But there is a couple of housekeeping pieces that I need to let you know about first. Today's event is being live captioned. To view the captions, you click on the "CC" closed caption button at the bottom of your screen in the Zoom control panel. We're also posting a link in the chat now, which will also open captions but in a separate internet window if you would prefer. If you have any questions during today's event, please type them into the Q&A box, which you'll also find in the Zoom control panel. You can like questions that others have asked and that will push them up the top of the list, but please do try to keep them short and relevant to the topics that we're discussing here today.

Artificial intelligence is transforming our world. It is revolutionising how governments and companies make decisions. AI is increasingly everywhere, from banking, recruitment, law enforcement to social welfare. The promise of AI is that it will remove human prejudice and produce better, more data-driven decisions. Sometimes this is true, but too often the reality is far from this vision. We've seen in all the areas I just mentioned how AI can replicate and even worsen existing inequality. The consequences can be horrifying, especially for our human rights. We've seen algorithms make it harder for women and people of colour to get a home loan or a job, and in Australia, Robodebt involved a faulty system of government debt collection that pushed thousands of the most vulnerable people in our country into poverty or worse.

At this crucial moment, UTS has established the Human Technology Institute. The HTI is working with leaders from civil society, government and the private sector to build a future that applies human values to new technology. I especially want to acknowledge some key collaborators who have been with us from day one, or even day zero, as we've been building this new institute. They are Gilbert + Tobin, KPMG, Atlassian, LexisNexis, Humanitech, Transport for NSW, and Microsoft. We'll have a lot more to say about our wonderful partners at our formal launch event in October.

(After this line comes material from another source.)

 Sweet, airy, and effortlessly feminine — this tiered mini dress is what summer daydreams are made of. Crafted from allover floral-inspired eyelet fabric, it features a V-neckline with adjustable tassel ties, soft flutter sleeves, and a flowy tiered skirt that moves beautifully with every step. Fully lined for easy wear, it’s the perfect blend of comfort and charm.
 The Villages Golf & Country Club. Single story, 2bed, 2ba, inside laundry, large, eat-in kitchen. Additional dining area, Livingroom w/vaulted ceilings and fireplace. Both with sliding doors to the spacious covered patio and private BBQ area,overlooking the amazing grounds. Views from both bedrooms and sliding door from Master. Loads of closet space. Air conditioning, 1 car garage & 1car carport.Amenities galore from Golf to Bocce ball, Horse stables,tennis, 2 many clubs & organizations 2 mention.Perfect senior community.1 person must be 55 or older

Today, we will be talking about humanising technology and how we can ensure that human values are at the heart of how new technology is designed, used and overseen. It is now my honour to introduce the founders of the Human Technology Institute, Ed Santow and Nick Davis.

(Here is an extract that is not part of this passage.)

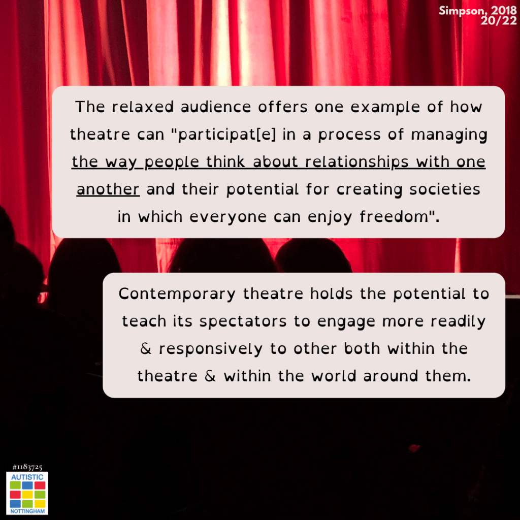 The relaxed audience offers one example of how theatre can “participat[e] in a process of managing the way people think about relationships with one another and their potential for creating societies in which everyone can enjoy freedom”.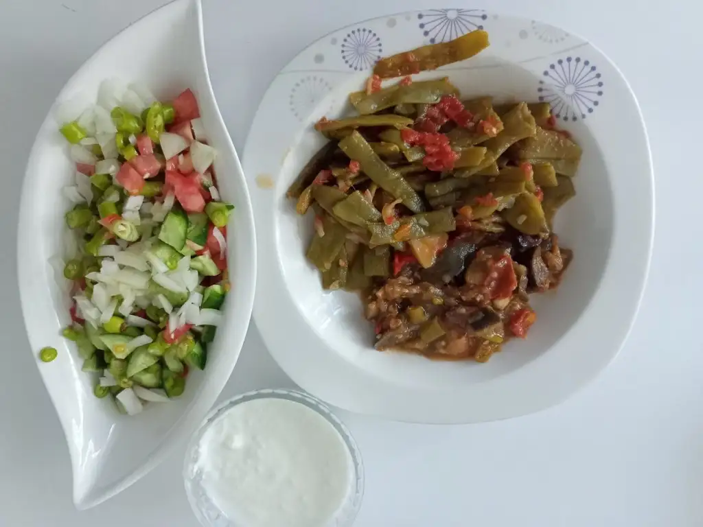 akşam tabağa ek 3 kaşık yemekten, az söğüş yedim

Ed Santow is Industry Professor, Responsible Technology at UTS, where he leads our initiative on building Australia's capability on ethical AI. From 2016 to 2021, Ed was Australia's Human Rights Commissioner, where he led the Commission's new work on AI and new technology, among other areas of responsibility. Welcome, Ed.

Nicholas Davis is Industry Professor, Emerging Technology at UTS. From 2015 to 2019, Nick was Head of Society and Innovation and a member of the Executive Committee at the World Economic Forum in Geneva, Switzerland. More than anyone else, he has developed the idea of the Fourth Industrial Revolution and how we as a world community should respond. Welcome, Nick.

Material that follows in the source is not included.